I think it’s the fact that Gateway is really invested in understanding what is necessary for today’s worker. Our technology infrastructure, the classrooms and laboratories we’ve been able to put together with support of the community and the private sector are models around the country, and we’re looked at as one of the leading colleges in the country to help develop workforce training programs that are aligned with industry skill standards.

Q: Would you say that Gateway is an innovator?

A: Absolutely. We’ve been very fortunate. Gateway was listed on the Great Lakes (Manufacturing Council’s) Best Practices for Manufacturing. We’re an M school for the National Association for Manufacturing. This year we were identified as a lead school for sustainability in part of the Second Nature Initiative, nationally one of 13 colleges to be selected and the top two-year college in America for sustainability. Our business programs were accredited, the first time a two-year college was accredited. So we align now with UW-Parkside in our business school. Our freshwater technology program is aligned with the Water Council out of Milwaukee. We continue to look for ways to elevate our programs to ensure students are getting the skills necessary for the job market but also necessary for advanced education.

Q: It sounds as if Gateway should be a four-year college.

A: We have a lot of four-year options. We have a 30-credit general education transfer agreement with the University of Wisconsin-Parkside. We have many program agreements where you can transfer up to 70 credits to UW-Parkside. About 20 percent of our student population at Gateway already has a baccalaureate degree. We do offer some baccalaureate transfer programs with the University of Wisconsin-Stout, Parkside, Carthage and Whitewater. Whenever we can align our programs with four-year programs we try to do that. We think it makes for a seamless pathway for adult learners.

Q: There is a new funding formula in place that helps to reduce some of the tax burden on local taxpayers. Could you explain how that works?

A: Currently this year the governor made an investment of $400 million to help buy down the property tax that had supported the technical colleges.
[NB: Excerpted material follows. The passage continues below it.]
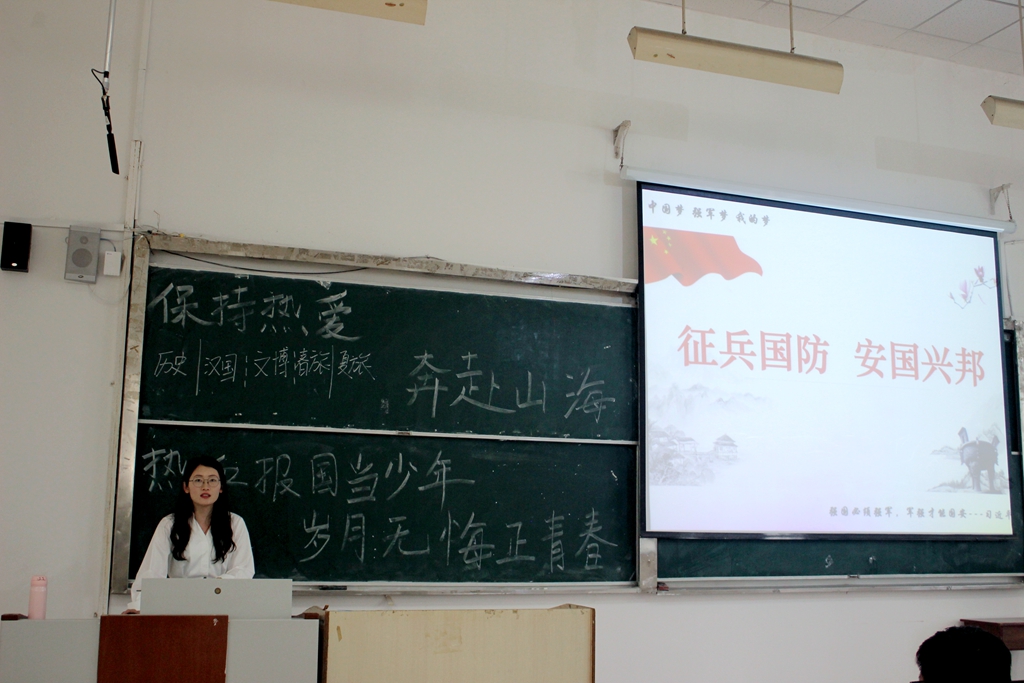 本网讯 为鼓励和引导青年学生积极响应祖国号召,投身军营、献身国防,激发大学生从军报国的理想追求,5月23日,文史学院(文化与旅游学院)举办大学生应征入伍政策宣讲会。学校国防教育中心副主任孙婷婷、文史学院毕业班辅导员、全体毕业生参加宣讲会。

Which means there will be a drastic reduction in the homeowners’ property tax bills supporting technical colleges. That money is being made up by the state revenues. A third of the technical college’s revenue will be funded by the state, about a third by the local property tax and about a third will come from tuition, fees and some federal programs we are supported by.

Q: Is there some additional funding?

A: Along with that, the governor added another $35.4 million for advanced training to help reduce the wait list for those individuals who had been trying to get into a technical college but for some reasons the courses were full or the programs were full. So now we have an opportunity to expand some of those programs.

Q: How does the new performance-based funding affect Gateway?

A: Because of performance-based funding, Gateway will receive $450,000 more from the state than it did last year.

Q: What is Gateway’s standing in the community?

A: We have a strong relationship with our community highlighted by our business partnerships. We have a 90 percent job placement rate of our students and a 97 percent job satisfaction rate by employers who are hiring our students. So I think Gateway’s position in our community is highly valued.